The modelled date of introduction of the new crop in each of the sub-regions enables us to chart a relatively clear spatiotemporal sequence of the east–west spread (Figs. 4, 5). Our 'early millet regions' correspond well with the areas associated with distinct material culture or 'cultural groups' and their 'influences', most prominently the Sabatinovka (Caбaтинiвcькa кyльтypa) in the North Pontic area, Tumulus and Trzciniec cultures in eastern, central and western parts of the study region, and the Late Nordic Bronze Age in the north. This re-iterates the previously underlined necessity to tie agricultural/food innovations into material culture and socio-economic change15,19, for which a solid temporal frame is instrumental. One of the unexpected discoveries is that, whereas there is almost no measurable difference in the modelled dates of millet appearing in the Carpathian Basin, the Po Basin and central Europe, there was a significant delay (probably > 200 years) before millet spread from central Europe to the north European plain (Figs. 5, 6). A topic for future research is whether this time lag was due to ecological or cultural barriers.

Figure 5
figure 5

Modelled start date of millet cultivation (OxCal function Boundary) and temporal distribution of dated samples (OxCal function KDE_Plot) in each region. The crosses represent median dates of these distributions and of individual samples (gray: calibrated individually; black: modelled dates), providing an impression of differences in data density between regions.

Figure 6
figure 6

Differences between the estimated start dates of millet cultivation (Fig. 4) in various regions. Positive values indicate that millet cultivation began earlier in the first-named region. The large uncertainty in the North Pontic start date (due to low data density in this region) is responsible for the uncertainty in the time lag between the North Pontic and the Carpathian Basin.

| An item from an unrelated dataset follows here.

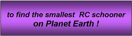 The schooner fan that I am, I got to pondering just how small (length on deck) anyone could build a tiny model schooner, fit micro RC gear and sail it… just how tiny a schooner could it be? And the challenge is now on (with an additional class for a freesail model as well) and almost five months in which to create what would be the smallest RC model schooner on this planet of ours. Entries will close on 15th November with an entry form which I will email to you if you email me requesting it to windlingworld@xtra.co.nz
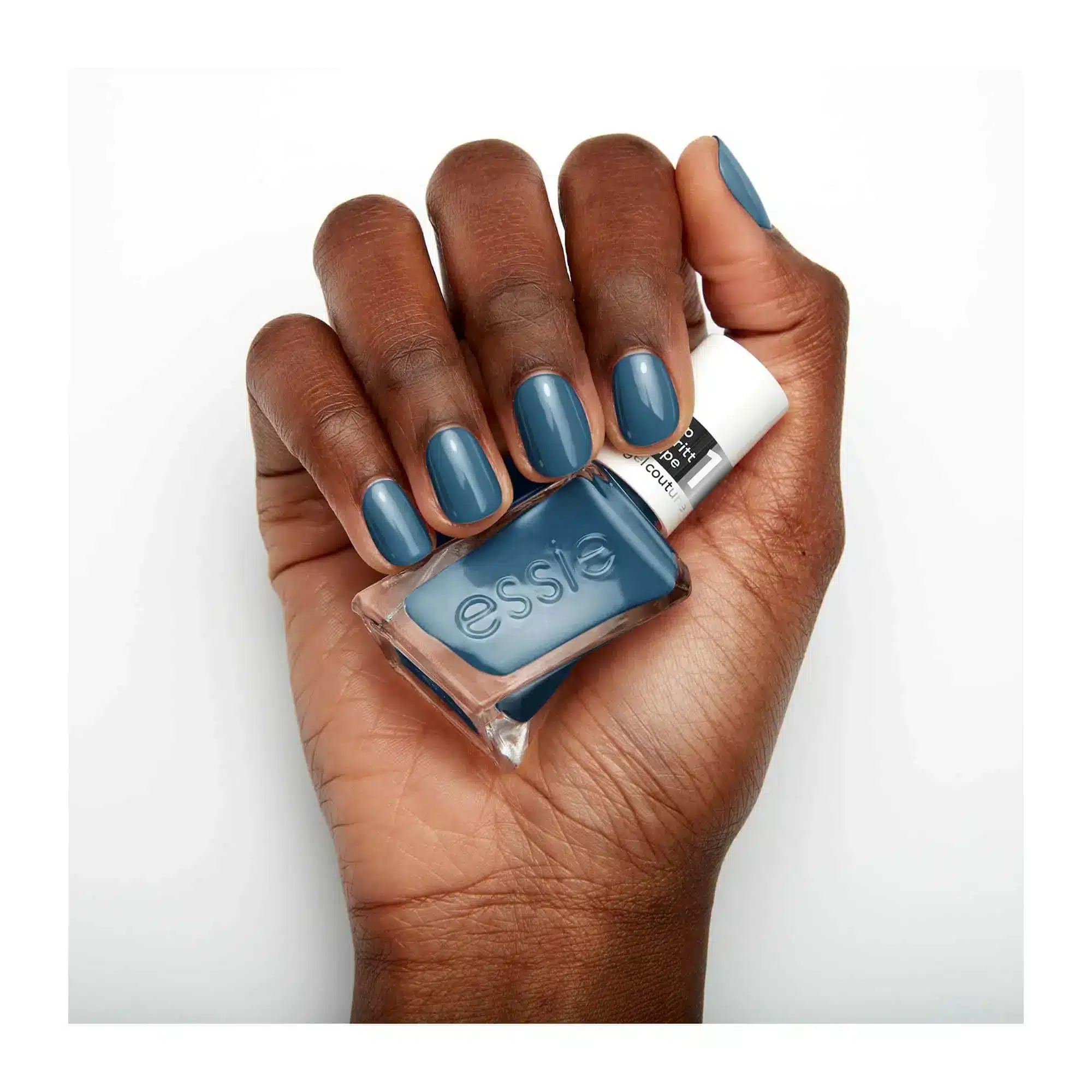 Εssie Gel Couture βερνίκι νυχιών για αποτέλεσμα σαν gel. Ένα μακράς διάρκειας, vegan βερνίκι νυχιών σε ένα μουντό μπλε χρώμα με γκρι και κίτρινους υποτόνους.

North Caucasus and North Pontic

The two regions are currently represented by dates from only seven sites, spanning about a millennium. Our preferred model dates the start of millet cultivation in the North Pontic region to the second quarter of the 2nd millennium cal bc (1650–1500 cal bc [68.2% probability] or 1780–1450 cal bc [95.4% probability]), and depends on the earliest dates from the Late Bronze Age settlement of Vinogradnyi Sad on the Southern Bug River, occupied c. sixteenth to thirteenth century bc and associated with the Sabatinovka culture, which stretched across the Ukrainian steppe zone47 [237, Fig. 79].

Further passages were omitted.